Make sure this information is only stored in appropriate locations. For instance, never write to an application or system log any of the user's personal information (password, SSN, credit card numbers, etc.), as these logs may be readable by operational personnel who should not have access to that personal information. Write only enough information about the user to identify within the application which user made the request.



Encrypt the sensitive data stored on mass storage. Storing clear-text passwords in a database, for instance, means that a hacker who simply gains read access may have all the keys to the kingdom.



Only store the hashed copy of the password and use this to compare with the hashed user input (these values should also be salted to increase the work required for a dictionary attack).



Inevitably, there are clear-text copies of the user input in memory, often on the heap long after the code runs, and maybe on the paging file of the operating system. Keep the length of the code path used to process the clear-text password as short as possible. Also, clear the contents of this local memory storage within the same block as the declaration of that storage. This will help keep the clear-text passwords off the stack and heap.

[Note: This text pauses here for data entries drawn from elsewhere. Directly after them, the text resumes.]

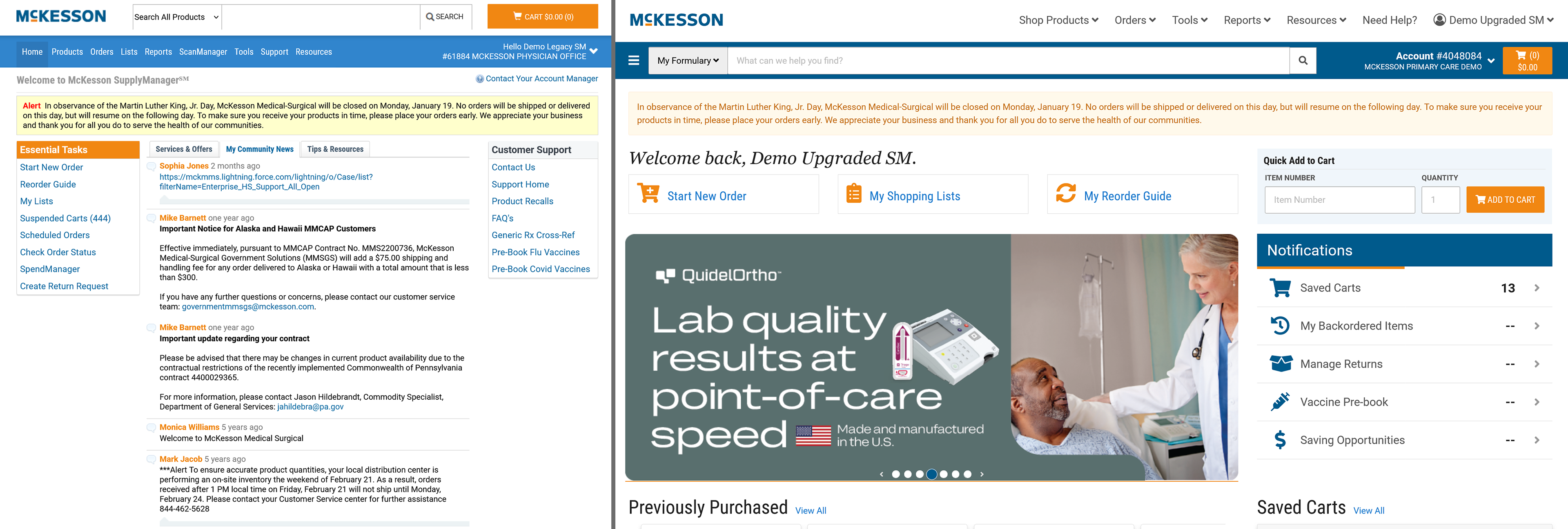 Work focused on assessing the customer experience during an active transition from a legacy e-commerce system to a modernized environment for medical supplies and equipment distribution.
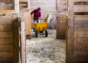 Each day volunteers clean out the stalls at the Maine State Society for the Protection of Animals farm on River Road in Windham.
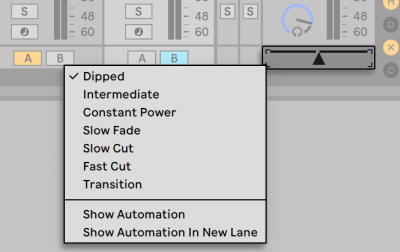 Кроссфейдер доступен из микшера окна сессии. Он включает в себя семь различных кривых кроссфейдера, так что вы можете выбрать ту, которая лучше всего подходит к вашему стилю. Чтобы изменить кривую нажмите правой кнопки мыши (PC)/Ctrl+левая кнопка мыши (Mac) по кроссфейдеру, а затем выберите пункт из контекстного меню.

5. Practice defence-in-depth



Protect your application in multiple ways. Do input validation with the tools the application environment provides. In addition, write your code to assume the input validation might fail. This costs little in terms of code or performance, but makes the code more robust in the face of failure.

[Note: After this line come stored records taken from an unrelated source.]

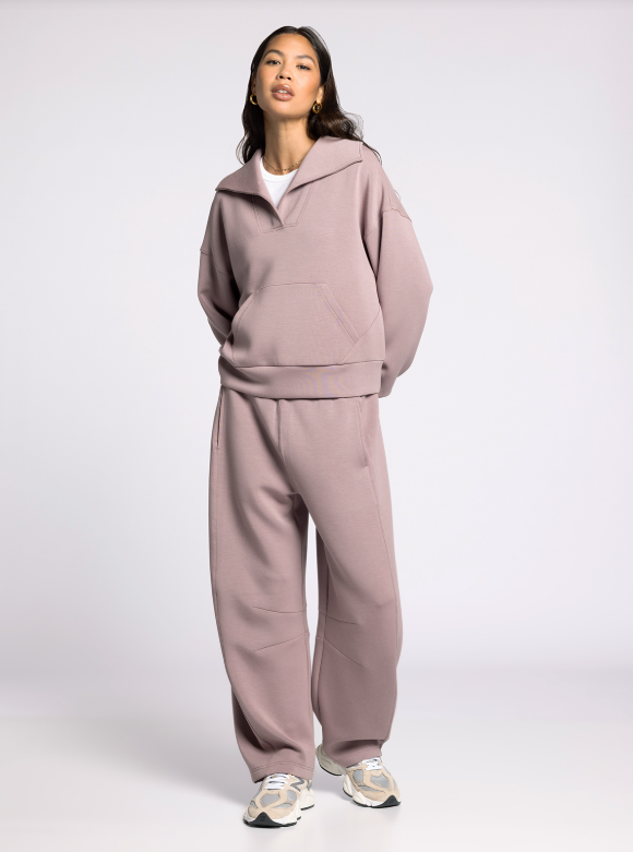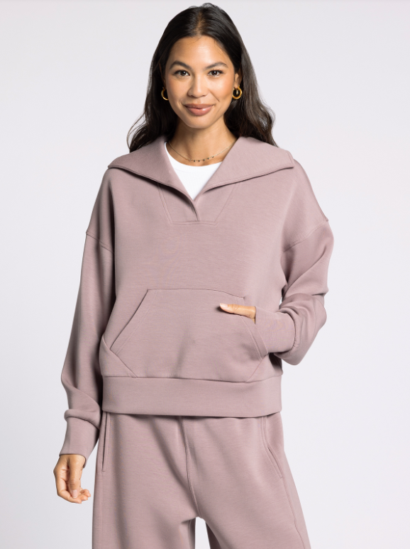 Polo V neck sweatshirt with front pocket and ribbed bottom. Great top with the matching sweat pants or with your jeans
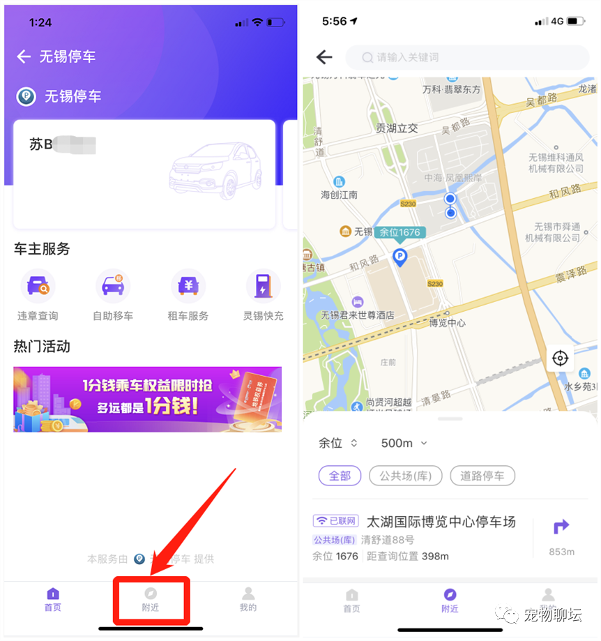 第三步:點(diǎn)擊【附近】可查看距您最近的停車場,300米、500米、1000米范圍內(nèi)的車位數(shù)量一目了然,或者您可選擇在【搜素欄】直接輸入目的地關(guān)鍵詞,查找目的地附近的停車場。
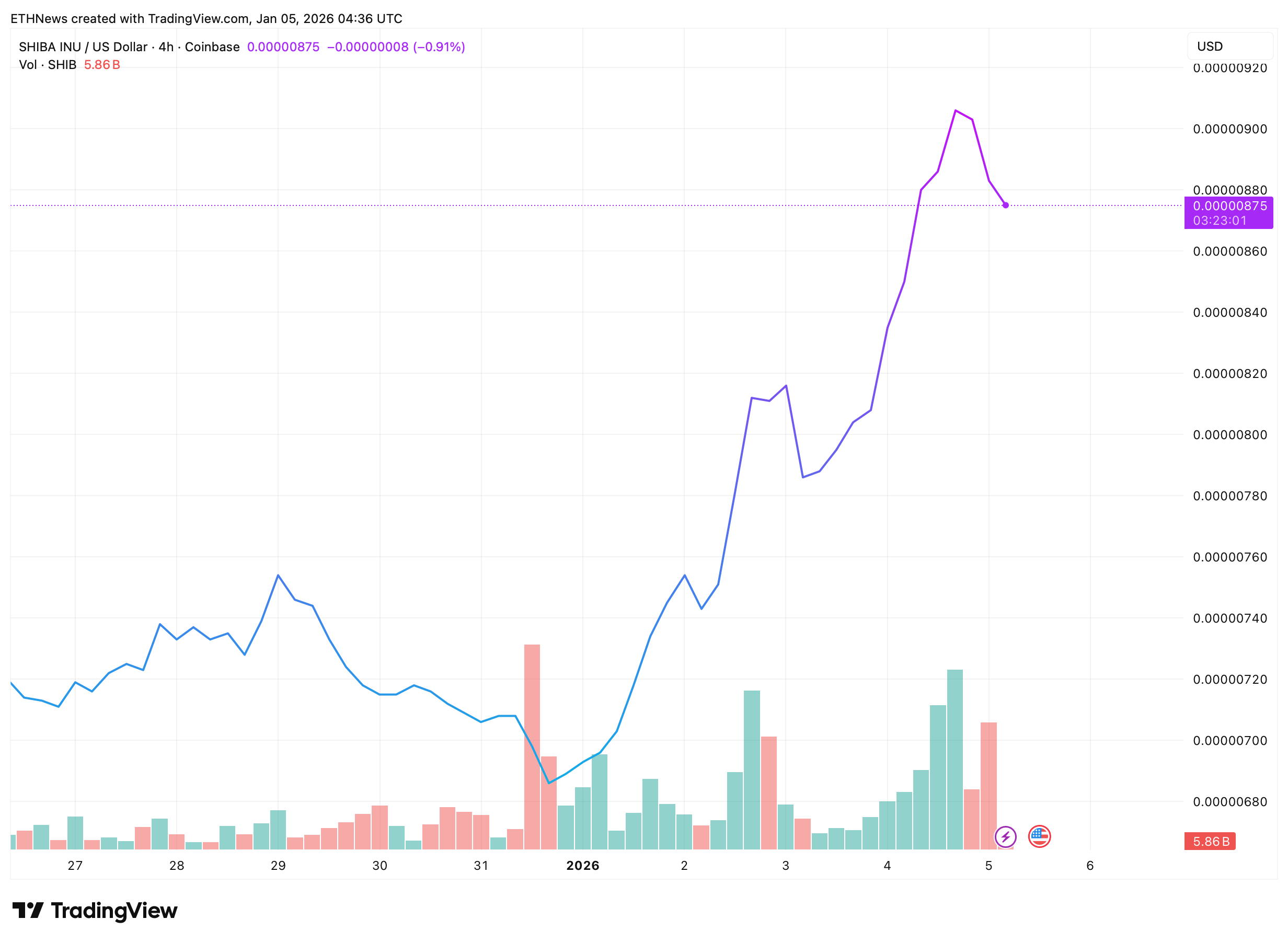 The TradingView price chart shows SHIB accelerating sharply into the start of 2026, supported by expanding volume during the move higher. While a small pullback followed the recent peak, price remains well above late-December levels, suggesting buyers are still defending gains.

6. Minimise error message information



Provide intelligible, useful error messages to your users, but keep the details in the log file. For example, users don't need to know about database operations or details of the errors encountered. A safer approach is to tell the user something went wrong, but only provide the details in the log.





7. Good comments



Good comments in code are a major help in maintaining code – if they help make the code clearer. Many developers know they should add comments and so they take the easy way out and add comments saying what the code does. The code is right there. Readers can see what it does – these comments are not what they need. Tell them why decisions are being made the way they are. Help the reader understand the code.



8. Study patterns



When reviewing code, you can often find logic errors that may affect security by watching for patterns in the source code and looking for exceptions to those patterns. For instance, in the following code:



if (result == CASE_1) return(VALUE_1);

else if (result == CASE_2) return(VALUE_2);

else if (result == CASE_3) return(VALUE_3);

else if (result == CASE_4) return(VALUE_4);

else if (result == CASE_5) return(VALUE_2);

/* otherwise we're good to go with the default */

return (VALUE_0);



The next to last return statement looks suspicious. It could be a cut and paste error. It could be a logic error and cause the return value to mislead the caller into providing access to something that should be denied – e.g., a list of employees rather than a list of distributors.



9. Have someone review your code



Find someone else to review your code and offer to reciprocate. Having someone else read through your code almost always results in them asking you questions. The 'what if?' and 'why that way?' questions make you think about and justify your choices outside the more solitary activity of writing the code. This change in context provides an opportunity to step back and take a fresh look at your work.



10. Study defects



When a security-related defect is found in your code, try to understand the cause. Study the defect and try to determine how you would have done things differently. When another developer makes the change, understand the changes that they made – maybe there's another way to fix it other than what you chose. Over time you'll be able to recognize the patterns of these defects and generalize the solutions. Part of what you should strive for is to not make the same mistake. Learn from your mistakes and the mistakes of others.